Now, correlation isn’t necessarily causation. But if we assumed for the sake of their argument that it was in this case, what would that actually tell us? It tells us that when people had heard about the sort of grotesquely corrupt, undemocratic, totalitarian Scotland that was being created under Nicola Sturgeon, they suddenly got a lot less keen on the idea of it being independent. (And to be quite honest with you, so did we.)
The argument being made by the sleazy Green, although he didn’t realise it, was that everything Alex Salmond said to the inquiry was true. Because if it wasn’t true, why would it have changed anyone’s mind about independence? Alex Salmond isn’t in government, and in February nobody had a clue he was even going to start a party to try to become an MSP again, so if they thought he was lying it wouldn’t make any difference to anything. Indeed, it could only logically have strengthened backing for Sturgeon and her cause, but instead the exact opposite happened.

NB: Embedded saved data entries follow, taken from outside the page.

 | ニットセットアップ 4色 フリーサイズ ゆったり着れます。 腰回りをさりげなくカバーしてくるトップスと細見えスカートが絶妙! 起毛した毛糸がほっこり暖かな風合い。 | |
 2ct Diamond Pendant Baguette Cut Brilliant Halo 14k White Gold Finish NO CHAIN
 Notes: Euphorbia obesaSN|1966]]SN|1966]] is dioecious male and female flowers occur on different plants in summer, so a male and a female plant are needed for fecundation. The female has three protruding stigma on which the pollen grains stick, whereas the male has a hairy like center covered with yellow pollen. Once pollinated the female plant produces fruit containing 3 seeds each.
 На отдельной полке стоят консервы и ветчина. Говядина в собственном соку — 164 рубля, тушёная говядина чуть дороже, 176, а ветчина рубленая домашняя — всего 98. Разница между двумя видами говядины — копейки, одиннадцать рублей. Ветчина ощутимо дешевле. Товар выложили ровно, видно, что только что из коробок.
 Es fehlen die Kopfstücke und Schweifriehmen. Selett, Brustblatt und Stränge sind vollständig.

Salmond’s evidence being the reason for the slide in the Yes vote only makes sense as an argument if what he said was the truth (which it was).
Alternatively, of course, one could equally posit that it was when Nicola Sturgeon gave HER (rather less candid) evidence a couple of days later that the Yes vote started to plunge, but either way the effective meaning is the same – that it was discovering how Sturgeon and her government had behaved that made people turn against independence.
We fervently hope that Alba does secure some MSPs next week, brings forward the motion and forces the SNP to vote against the pursuit of independence. Maybe THAT would finally open the eyes of a few of the demented loyalists who’ve been determinedly pulling off the “three wise monkeys” routine for the last two years.
Then again, it probably wouldn’t. If they managed to turn a blind eye when the SNP opposed Martin Keatings’ court case to try to give the Scottish Parliament the right to hold another indyref (and a key judgement is expected on that tomorrow, btw), they’ll probably find a way to shrug off the party actually voting against it too.
The truth of the matter is that Nicola Sturgeon has poisoned the Yes movement. Every part of it is now at war with every other part, and so bitterly that it’s hard to imagine the peace and unity of 2014 returning even if and when she’s finally dragged kicking and screaming out of Bute House.
The SNP and its supporters are spending most of their time attacking not Unionists, but the only man who ever actually got Scotland an independence referendum. The party’s sole priority appears to be putting rapists in women’s prisons and paedophiles in their changing rooms, and it reacts with jealous vindictive fury against anyone – Salmond, Keatings, bloggers, its own members – who actually tries to advance the cause of independence in any practical way. It now only exists to perpetuate itself in power, for power’s sake.
In about a week’s time (allowing for COVID-slowed vote counting) we’ll know if the poisoning is fatal. Cling to whatever hope you have left, folks.